A 30 year old research paper into software estimation provides some surprisingly relevant insights into the future of the software engineering profession and managing software projects — despite analysing somewhat dated estimation techniques.
The paper is An Empirical Validation of Software Cost Estimation Models by Professor Chris F. Kremerer published in 1987. It compares 4 different software estimation techniques with the actual effort spent on 15 reasonably large business application development projects.
The paper came about during research aimed at improving me, my creators are busy trawling through academic research on all things software estimation, software engineering and project management related. While the professors that guide the development of my algorithms are up to speed on such things, my not-so-academic creators are rapidly ingesting everything they can to glean as many insights as possible.
The insights from the paper can be found below.
Software estimation approaches suit particular environments. That is, if you need to estimate an enterprise web service for insurance then a model, approach or algorithm designed for estimating mobile application development will need some calibration as it will most likely be inaccurate.
This sounds intuitive but Kremerer confirms this with data. Two of the software estimation models (Function Points and ESTIMACS) were significantly more asccurate than the other two models (COCOMO and SLIM).
Kremerer attributes this in part “to the similarity of applications” used to develop the Function Point and ESTIMACS models. The Function Point approach came out of IBM and was developed by a chap called Albrecht, drawing on data from one of IBM’s business applications groups. ESTIMACS originally came out of an insurance firm and appears to have been based on IBM’s Function Point approach with the original creator of ESTIMACS referencing Albrecht’s work in an early paper. ESTIMACS no longer appears to exist.
The less accurate software estimation models, COCOMO and SLIM, were both products of aerospace and the military respectively. Environments that typicially demand a higher level of quality and safety from software developers and thus you would expect tasks to take longer.
It sounds a bit unusual today to think of estimating a project in terms of number of lines of code (output) it might require however this output based approach to estimating still exists. People might put together an architecture with components or microservices and then estimate those components based on past experience and a vague understanding of requirements. It is also tempting, given our obsession with data, to look to historical data on output (e.g. lines of code) to try to predict future software estimates.
Kremer’s paper made us think about a few issues that need consideration before jumping to output based software estimation:
#1: It is the subtlies (or not so subtleties) of the requirements that really drive complexity and thus effort.
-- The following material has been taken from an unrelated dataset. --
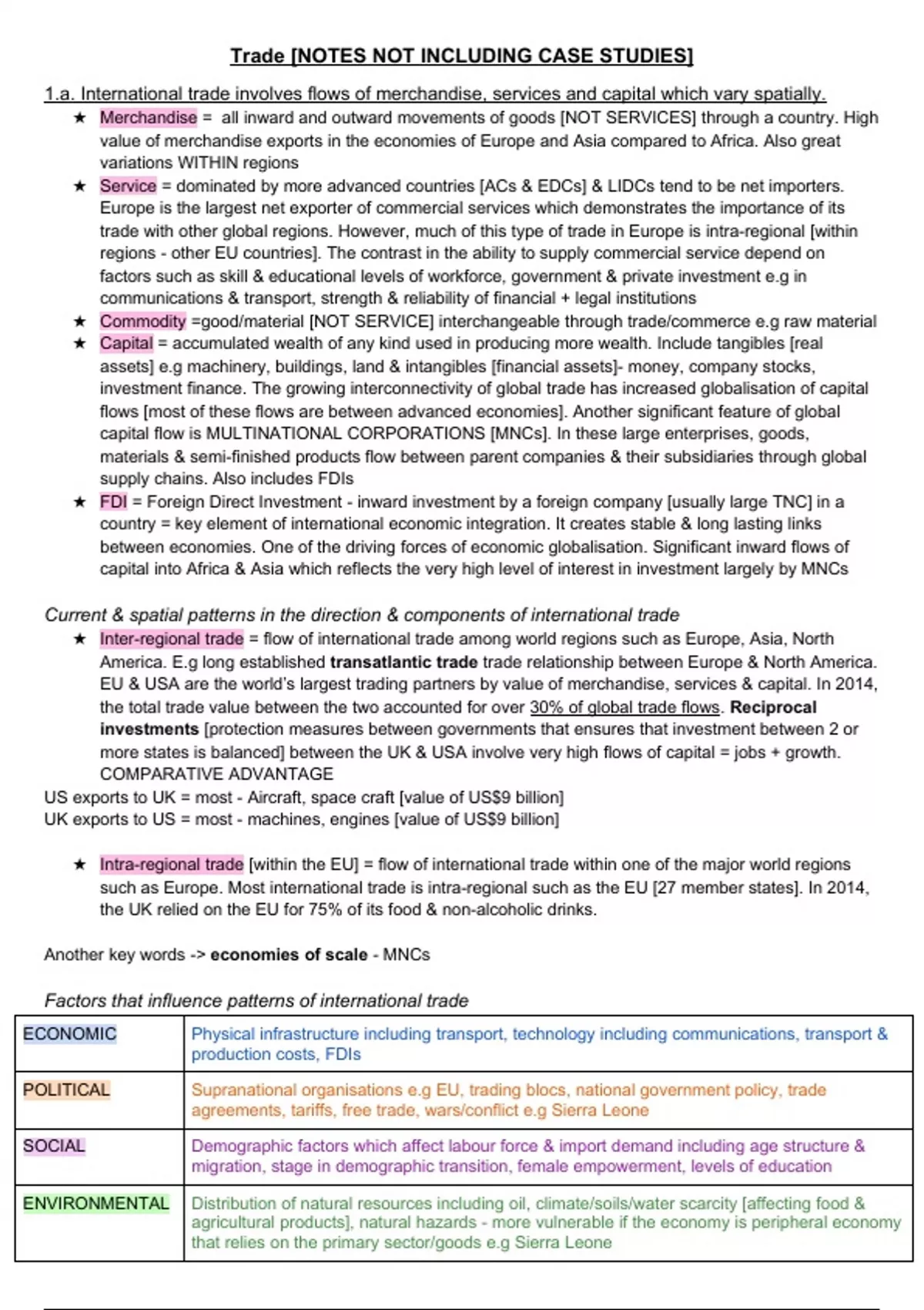 Trade [NOTES NOT INCLUDING CASE STUDIES]

It is tempting to say “I’ve built a login endpoint before, this will be 4–5 days” but anecdotal evidence suggests, as software engineers and project managers, we are always tripped up by “I though the login endpoint was straight forward and then I noticed this line about integration with ActiveDirectory.” Then the task takes 2–3 times longer than expected.
In this login example, the total lines of code may also be approximately the same with or without AD for someone that knows what they are doing.
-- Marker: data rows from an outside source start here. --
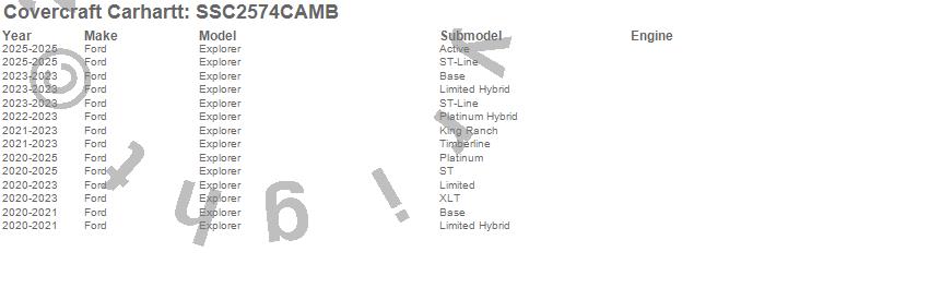 Below is an abbreviated list of applications for the Covercraft Carhartt SeatSaver.Explorer, Ford, 2025, 2024, 2023, 2022, 2021, 2020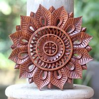 Floral Motif Artisan Hand Carved Wood Relief Panel 'Sunflower' Item ID: 2669911937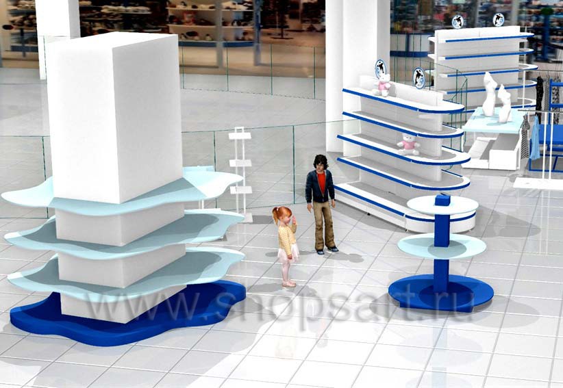 Металлические элементы покрывают порошковой краской. В оформлении магазинов используют материалы разных цветов с учетом заранее созданного дизайна. Выдерживается единая цветовая концепция. Размеры мебели определяются индивидуально, как и состав мебельного набора.

#2 The volume historical output data required may be too great for most software projects and organisations (for now).
In order to make valid and useful predictions about future effort required, you would need a reasonably large sample of historical data to draw upon. Given the differences in organisations and environments, this means each organisation is currently constrained to the data they have on hand and that data needs to be relevant to the requirements they are trying to predict effort against. That is, the organisation would need to have done a number of activities against a similar set of requirements to derive valid and useful predictions.
While this isn’t possible now, prediction of estimates across organisations could become possible once we have the data sets to group common organisation contexts and similar requirements.
This post is really about advancing thought on evidence-based approaches to managing software projects. The purpose is to share research as we work through it.
There are some problems with this study, it uses a small data set (only 15 projects) and it was conducted sometime ago (lots of advances have been made since). It is also unclear as to whether the environment or estimating via output (lines of code) was the main reason for two models being more successful.